Despite his autistic tendencies, Xiao Yu was enrolled by his parents in a kindergarten for regular pre-school education. However, his actions soon began to concern teachers and other parents. During class, he would sometimes suddenly stand up to walk around the room, or advance to the blackboard to scribble something, or even approach the teacher and latch on to one of her legs. Because of this, when Xiao Yu attended a class, his mother would stand outside watching through the windows. When Xiao Yu misbehaved, the mother would enter the classroom, take the boy out, and only send him back after he had calmed down.
The Ye couple sacrificed a great deal to ensure a decent education for their son. When he turned six, they sent him to a special school for autistic children in Shanghai. “The Shanghai schooling was effective,” Ye says. “When he returned home after just a week of study, he began calling us ‘Dad’ and ‘Mom’.” But the extremely high fees of the school were a heavy burden on the Ye’s modest income, and after only a year’s study, they had to send their son back to their home city, Longquan.

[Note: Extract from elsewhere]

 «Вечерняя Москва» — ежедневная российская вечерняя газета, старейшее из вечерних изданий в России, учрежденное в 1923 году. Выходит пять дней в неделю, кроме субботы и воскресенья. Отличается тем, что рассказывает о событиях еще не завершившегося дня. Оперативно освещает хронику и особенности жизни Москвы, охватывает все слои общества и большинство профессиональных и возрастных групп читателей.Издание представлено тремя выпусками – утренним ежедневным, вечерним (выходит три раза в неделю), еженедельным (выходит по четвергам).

In Longquan, Ye enrolled Xiao Yu in Xixin Primary School, but the school soon received complaints from the parents of other students, which caused a dilemma for Principal Ye Yudong. A single student should not be allowed to affect the study of the whole class, but at the same time, every child has the right to be educated. “We must not abandon him,” the principal determined.
And so at the beginning of the latest semester, the school hired a teacher to look after Xiao Yu alone. The principal noted that the boy usually began to misbehave around 20 minutes into class, and so the teacher was allowed to rearrange the length of lessons, rather than adhering to the conventional 45 minutes.